If Congress agrees, $1 billion in expected rebates would be cancelled and the MLR rule voided. Lynn Quincy of the watchdog group Consumers Union said of the decision: "This is a serious setback in the struggle to protect consumers...It is also a step back for working families."

The insurance industry's toxic influence can be seen as well in the actions of the prestigious Institute of Medicine (IOM).

The IOM was tasked by Sebelius with formulating a package of essential health benefits to be offered by private health plans sold through the state insurance exchanges that will be set up under the PPACA.

Incredibly, the IOM recommended a set of benefits modeled on the skimpy, high co-pay, high-deductible coverage that small businesses currently offer--and that millions of workers can't afford. Physicians for a National Health Program (PNHP) sent an open letter with over 2,000 signatures to the Obama administration opposing the recommendations. It stated:

We protest the Institute of Medicine's (IOM) recommendation that cost rather than medical need be the basis for defining the "essential benefits" that insurance policies must cover when the federal health reform law takes effect in 2014...The inadequate coverage the IOM recommends would shift costs from corporate and government payers onto families already burdened by illness.

So why did the respected IOM make such an awful recommendation? Could it have anything to do with the $2 million donation to the IOM from Leonard D. Schaeffer, CEO of insurance giant Wellpoint?


WITH THE PPACA, insurance companies won both a mandate forcing everyone to have health coverage and no working cost controls that would inhibit their profits. They will be happy to underinsure millions of people with the $447 billion in taxpayer subsidies that will be transferred to their coffers under the PPACA.

Underinsurance is guaranteed profits for the insurance companies--and guaranteed misery and financial hardship for patients.

Especially during next year's election campaign, the Obama administration will claim that more Americans will be insured under the PPACA. That may be true--but the real question is whether it's legitimate to describe as "health insurance" policies with $15,000 annual deductibles, with out-of-pocket expenses ranging into the thousands of dollars, without comprehensive coverage.

People "insured" under these policies will very easily find themselves pushed into bankruptcy if they get sick--no different than the current system.

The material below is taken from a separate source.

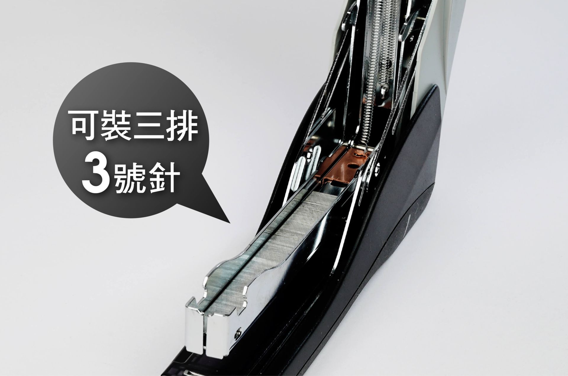 • 可放3排3號針(24/6,150針)或2排26/6針,省時不需常更換

Another highly touted gain in the PPACA is the expansion of eligibility for Medicaid--an estimated 20 million people will be added to the program. But how can that happen when Medicaid funding is being slashed to the bone, providers are leaving the program in droves, and state governments are coming up with new ways to push people off the Medicaid rolls?

Barack Obama's health care legislation is fundamentally flawed. Any provisions that would do some good in extending coverage to more people and limiting insurance company abuses are being eviscerated--while the health care industry stands to make a windfall from other parts of the law.

That's the reality of the health care crisis in the U.S. today. But the insurers aren't having it all their way. The greed of the corporations that own and control health care has been pushed back into the spotlight by the Occupy Wall Street movement.

Like the banks, the insurance industry is being exposed as part of the profit-gouging 1 percent that is ripping off the 99 percent. Health care as a human right is among the Occupy movement's demands, and nurses, doctors and other health care providers have joined the occupations, marched with protesters, organized teach-ins and provided on-site medical care.

The slogan "Health care for the 99 percent" can direct more people to the need for a single-payer, nonprofit, national health care system that includes everyone.